◆ **Action item**
Restate word for word the entries below, starting at the line with "Concept Тумба приставная" and ending at the line with "В наборе книжек-раскрасок". Keep both end lines and omit the pictures.

◆ **Source data**
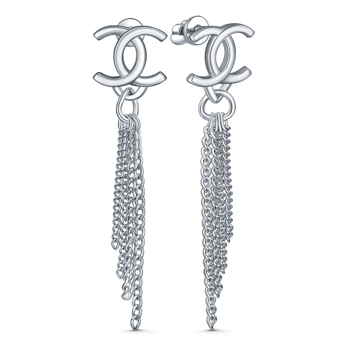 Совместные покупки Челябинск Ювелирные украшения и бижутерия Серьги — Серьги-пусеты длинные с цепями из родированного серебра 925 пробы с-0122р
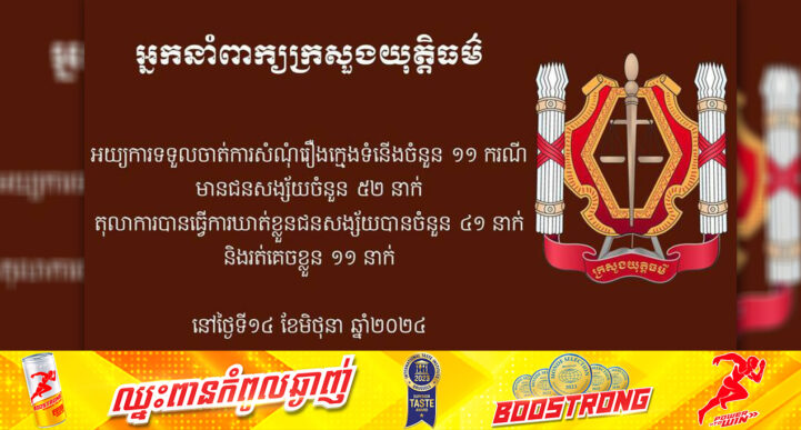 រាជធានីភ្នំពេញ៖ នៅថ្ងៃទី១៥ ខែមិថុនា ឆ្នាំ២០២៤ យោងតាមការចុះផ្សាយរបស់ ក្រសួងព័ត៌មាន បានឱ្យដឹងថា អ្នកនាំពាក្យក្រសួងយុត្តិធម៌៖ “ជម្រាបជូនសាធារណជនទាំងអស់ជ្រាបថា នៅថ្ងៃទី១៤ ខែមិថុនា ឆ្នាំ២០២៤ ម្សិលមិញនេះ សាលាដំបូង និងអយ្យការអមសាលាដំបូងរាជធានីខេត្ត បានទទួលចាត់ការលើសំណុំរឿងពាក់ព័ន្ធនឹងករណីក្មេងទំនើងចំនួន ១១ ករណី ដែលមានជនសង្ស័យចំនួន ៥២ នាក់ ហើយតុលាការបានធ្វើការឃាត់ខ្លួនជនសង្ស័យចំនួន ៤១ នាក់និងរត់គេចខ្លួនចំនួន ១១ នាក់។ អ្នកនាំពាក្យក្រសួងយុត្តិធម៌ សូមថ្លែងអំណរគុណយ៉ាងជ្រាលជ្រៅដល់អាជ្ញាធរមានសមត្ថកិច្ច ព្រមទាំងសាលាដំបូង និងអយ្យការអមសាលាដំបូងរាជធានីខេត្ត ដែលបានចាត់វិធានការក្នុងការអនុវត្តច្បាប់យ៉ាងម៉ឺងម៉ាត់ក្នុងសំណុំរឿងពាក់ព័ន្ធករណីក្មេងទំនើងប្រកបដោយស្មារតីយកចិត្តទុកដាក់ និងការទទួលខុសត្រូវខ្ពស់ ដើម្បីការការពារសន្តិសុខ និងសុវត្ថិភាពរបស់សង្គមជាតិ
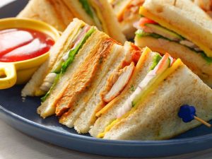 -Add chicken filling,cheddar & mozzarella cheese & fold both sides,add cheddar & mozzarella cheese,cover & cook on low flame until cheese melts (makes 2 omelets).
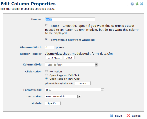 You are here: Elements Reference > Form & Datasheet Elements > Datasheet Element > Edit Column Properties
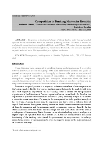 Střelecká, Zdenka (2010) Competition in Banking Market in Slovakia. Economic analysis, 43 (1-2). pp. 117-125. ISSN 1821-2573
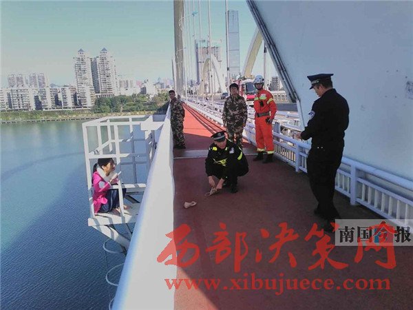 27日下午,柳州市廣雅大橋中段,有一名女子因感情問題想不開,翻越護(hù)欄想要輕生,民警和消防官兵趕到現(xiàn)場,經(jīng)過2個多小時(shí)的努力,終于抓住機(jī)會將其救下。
---
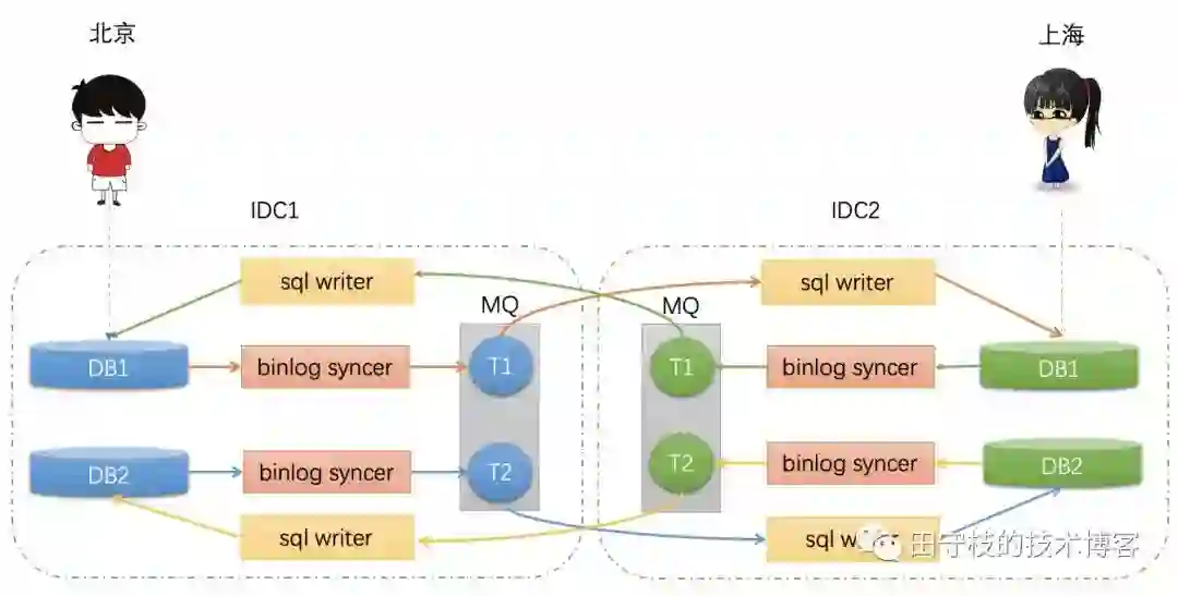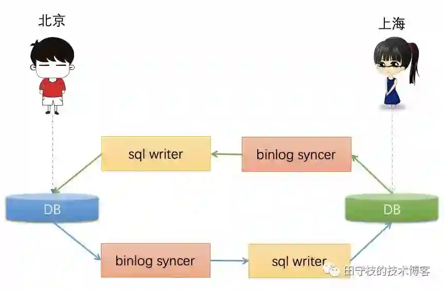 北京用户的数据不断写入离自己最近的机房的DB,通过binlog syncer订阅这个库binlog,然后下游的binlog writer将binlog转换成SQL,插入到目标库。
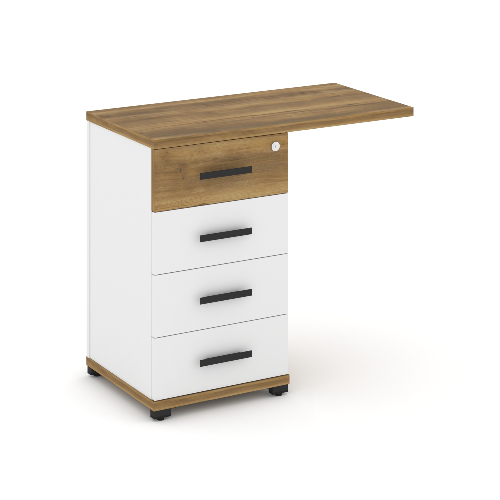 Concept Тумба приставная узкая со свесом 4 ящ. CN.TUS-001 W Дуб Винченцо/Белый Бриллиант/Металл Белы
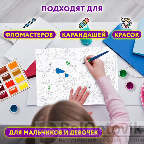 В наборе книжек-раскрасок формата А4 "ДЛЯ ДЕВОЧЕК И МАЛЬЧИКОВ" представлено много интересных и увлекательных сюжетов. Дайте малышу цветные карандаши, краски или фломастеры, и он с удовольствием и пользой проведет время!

◆ **Response**
 Concept Тумба приставная узкая со свесом 4 ящ. CN.TUS-001 W Дуб Винченцо/Белый Бриллиант/Металл Белы
 В наборе книжек-раскрасок формата А4 "ДЛЯ ДЕВОЧЕК И МАЛЬЧИКОВ" представлено много интересных и увлекательных сюжетов. Дайте малышу цветные карандаши, краски или фломастеры, и он с удовольствием и пользой проведет время!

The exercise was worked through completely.